Nesse contexto, a segurança deixa de ser apenas uma questão policial para tornar-se uma política econômica. Nenhum investidor aplica recursos onde os contratos não são plenamente protegidos ou onde a autoridade pública divide espaço com o crime organizado. Nenhum jovem desenvolve plenamente seu potencial quando a ilegalidade oferece perspectivas mais concretas do que o mercado formal. Recuperar o controle integral do território talvez seja o maior programa de desenvolvimento que o Brasil possa implementar. Há ainda um efeito frequentemente ignorado: o custo reputacional da insegurança. Em um mundo conectado, a imagem internacional de um país influencia decisões de investimento, a localização de empresas e a atração de talentos. Quando o Brasil é associado à violência e à incapacidade de controlar partes de seu território, sua competitividade diminui. A insegurança transforma-se em um imposto invisível que encarece os negócios e reduz as oportunidades.

O turismo talvez seja o exemplo mais evidente. O Brasil possui uma das maiores riquezas naturais e culturais do planeta, mas perde bilhões de dólares porque muitos visitantes veem o destino como arriscado. Cada episódio de violência amplamente divulgado reforça uma percepção negativa que afasta turistas, reduz as receitas e limita os investimentos. Fortalecer a segurança também significa fortalecer a marca Brasil no mundo.

O terceiro elemento é a estabilidade. Em um cenário de rápidas transformações tecnológicas, países bem-sucedidos são aqueles capazes de formular políticas que sobrevivem aos ciclos eleitorais. A China consolidou uma cultura de planejamento de longo prazo que assegura a continuidade de projetos estratégicos de infraestrutura, inovação e desenvolvimento industrial.
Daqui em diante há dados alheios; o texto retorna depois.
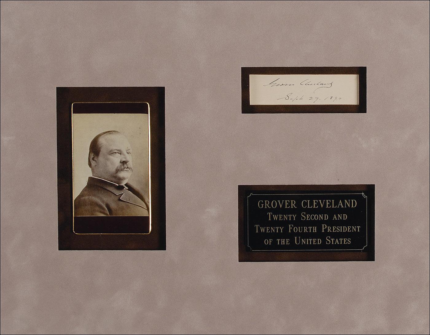 Vintage fountain pen signature, “Grover Cleveland, Sept. 27, 1890,” on an off-white 3.5 x 1 slip. Elaborately suede matted with a small vintage portrait and descriptive plaque. In fine condition.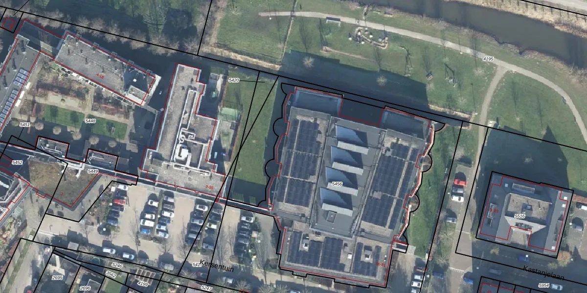 Het perceel waarop Kersentuin 41 staat heeft een oppervlakte van 3022 m². Dit is een zeer groot perceel. De perceeloppervlakte wordt geregistreerd door het Kadaster. Gedetailleerde informatie over de maten van dit perceel kunt u vinden in het rapport Kadastrale kaart met maatvoering van Kersentuin 41.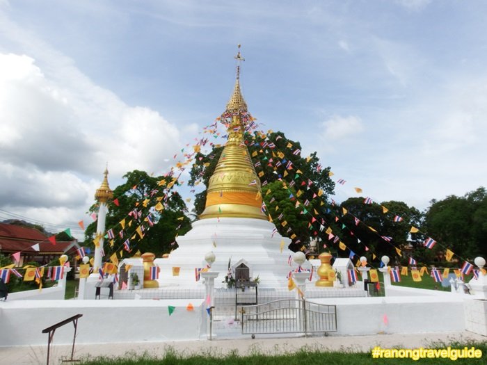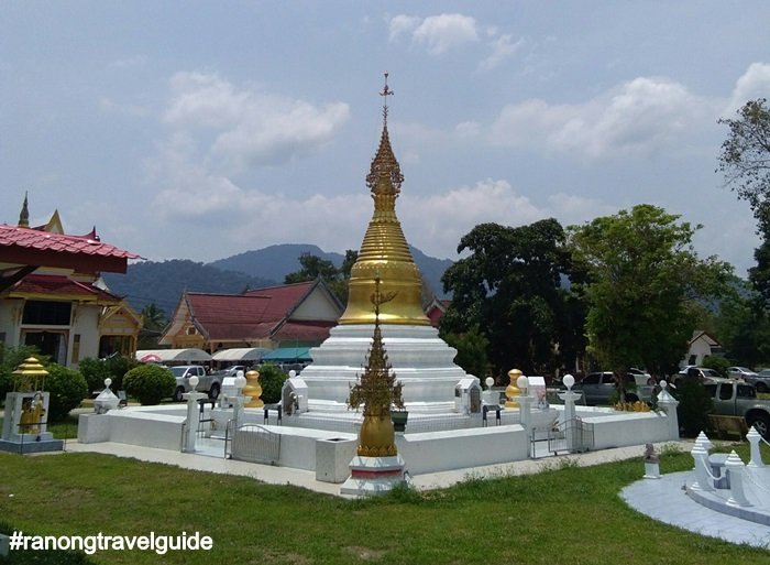พระเจดีย์ดาธุ เป็นเจดีย์ที่มีสถาปัตยกรรมแบบพม่า รูปทรงกลมยกฐานสูงจากพื้นประมาณ 80 เซนติเมตร ตั้งอยู่บนฐานแปดเหลี่ยมจากฐานถึงยอดฉัตรสูงประมาณ 13 เมตร มีกำแพงโดยรอบทั้งสี่ด้านสูงประมาณ 1 เมตรแต่ละด้านของกำแพงมีประตูทางเข้ากว้างประมาณ 2 เมตร ตัวเจดีย์และกำแพงฉาบด้วยปูนทาสีขาว ส่วนยอดฉัตรของเจดีย์ทำด้วยทองเหลืองและประดับเพชรที่ฉัตรเป็นสถาปัตยกรรมแบบพม่า เจดีย์นี้สร้างประมาณ 100 ปี ผู้สร้างคือนางพั่วไซ่ข่าย มีสามีชื่ออูอาวเม ซึ่งเป็นโหรในราชสำนักพม่า ได้อพยพอยู่ในจังหวัดระนอง และด้วยเป็นผู้ที่ฐานะดี มีความเคารพศรัทธาในพระพุทธศาสนา จึงได้สร้างเจดีย์นี้ถวาย โดยใช้ทุนทรัพย์ส่วนตัวเพราะมีความเชื่อว่าหากผู้ใดได้สร้างเจดีย์ถวายในพระพุทธศาสนาแล้ว จะเป็นการสร้างบุญบารมี ให้กับผู้สร้างในทุกภพทุกชาติ ปัจจุบันทายาทของท่าน รวมทั้งพุทธศาสนิกชนชาวพม่าที่ได้อพยพจากพม่ามาอยู่ที่จังหวัดระนอง จะช่วยกันความสะอาด และบูรณะสภาพโดยตลอด ทำให้พระเจดีย์มีความสวยงาม เป็นที่เชิดหน้าชูตาของชาวระนองและนับเป็นโบราณสถานอีกแห่งหนึ่งของจังหวัดระนอง โดยปัจจุบันกรมศิลปากรได้ขึ้นทะเบียนไว้แล้ว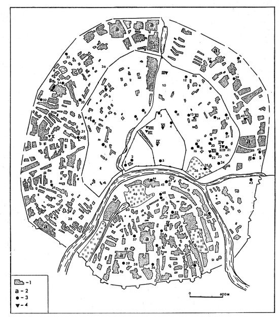 Уйдем теперь из Кремля, чтобы бросить взгляд на город в целом. Перерыв в активной полевой деятельности тянулся вплоть до конца 1970-х гг., когда число «археологических эпизодов» пополнили сначала реставрационные исследования и разведки, а затем, с 1980-х, огромные охранные вскрытия, охватившие большую часть старой Москвы и новые районы. С конца 1970-х гг. в Москве, параллельно группе МИиРМ, начали работать молодые тогда специалисты по археологии Древней Руси: Т.Д. Панова, Л.А. Беляев, чуть позже Н.А. Кренке и С.З. Чернов. В это время город начал готовиться к Олимпиаде (1980), а затем и к 1000– летию крещения Руси. Требовалось привести в порядок многие районы, среди которых оказалась важная в археологическом отношении юго-восточная зона Москвы с давно известными памятниками: Дьяковым городищем, Даниловым монастырем, селом Коломенское.

No Brasil, frequentemente se reinicia o planejamento a cada mudança de governo. Obras são interrompidas, prioridades são alteradas e políticas públicas tornam-se reféns do calendário eleitoral. O resultado é uma sensação permanente de improviso que dificulta investimentos e reduz nossa competitividade.
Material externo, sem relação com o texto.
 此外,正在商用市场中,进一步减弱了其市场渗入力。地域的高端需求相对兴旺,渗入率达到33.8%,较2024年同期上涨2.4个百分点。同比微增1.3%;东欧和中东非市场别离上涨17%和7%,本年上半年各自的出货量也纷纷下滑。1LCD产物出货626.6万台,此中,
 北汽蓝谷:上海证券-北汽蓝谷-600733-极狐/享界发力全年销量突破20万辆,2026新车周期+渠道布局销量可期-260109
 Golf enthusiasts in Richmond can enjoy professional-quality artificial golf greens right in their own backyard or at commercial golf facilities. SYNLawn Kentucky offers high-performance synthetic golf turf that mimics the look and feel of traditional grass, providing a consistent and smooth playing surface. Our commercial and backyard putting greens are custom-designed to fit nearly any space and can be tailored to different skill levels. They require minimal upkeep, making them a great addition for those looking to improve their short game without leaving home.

A experiência chinesa demonstra que o desenvolvimento não nasce do acaso nem de soluções improvisadas.  A prosperidade do século XXI dependerá menos da riqueza que possuímos hoje e muito mais da capacidade de educar nossa população, assegurar o monopólio legítimo da força pelo Estado e garantir estabilidade institucional para que o País inspire confiança dentro e fora de suas fronteiras.